CVE-2020-8470: 
Trend Micro Apex One Agent vulnerability analysis and mitigation

CVE-2020-8470 is a critical vulnerability affecting Trend Micro Apex One (2019), OfficeScan XG, and Worry-Free Business Security (9.0, 9.5, 10.0) server. The vulnerability was disclosed in March 2020 and involves a vulnerable service DLL file that could allow an attacker to delete any file on the server with SYSTEM level privileges. Notably, this vulnerability does not require authentication to exploit (CERT-EU, NVD).

The vulnerability has been assigned a critical severity rating with a CVSSv3 score of 10.0, which is the highest possible severity score. The vulnerability exists in a service DLL file within the server component of the affected Trend Micro products. The critical nature of this vulnerability stems from the fact that it can be exploited without requiring authentication, potentially allowing attackers to delete arbitrary files with SYSTEM level privileges (CERT-EU).

The exploitation of this vulnerability could allow an attacker to delete any file on the affected server with SYSTEM level privileges. Given that no authentication is required, this presents a significant security risk as attackers could potentially delete critical system files or security-related files, leading to system instability or compromise (CERT-EU).

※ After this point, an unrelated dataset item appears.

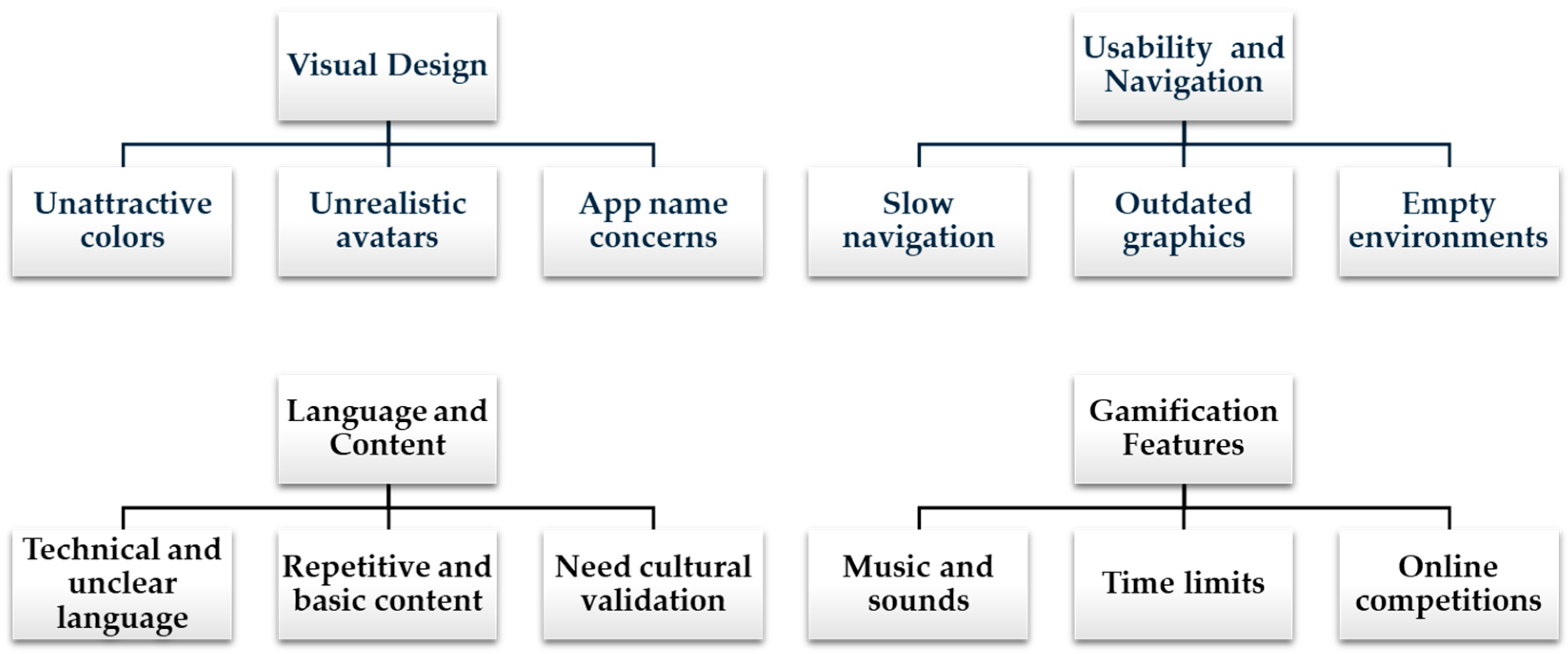 | Visual Design | Compared app to commercial games; requested more attractive graphics, dynamic environments, and avatar personalization. | Highlighted clarity and coherence; noted unrealistic or childish avatars. | Improve overall visual appeal and strengthen interface and avatar design. |

Trend Micro has released security updates to address this vulnerability. Users of affected products are strongly encouraged to update to the following versions: Apex One (on premise) to CP 2117, OfficeScan XG SP1 to CP 5474, and OfficeScan XG to CP 1988 (CERT-EU).

The security community has expressed significant concern about this vulnerability, particularly due to its critical severity rating and the fact that it requires no authentication to exploit. Trend Micro has emphasized the importance of immediate patching, especially given the potential for system-level access (Threatpost).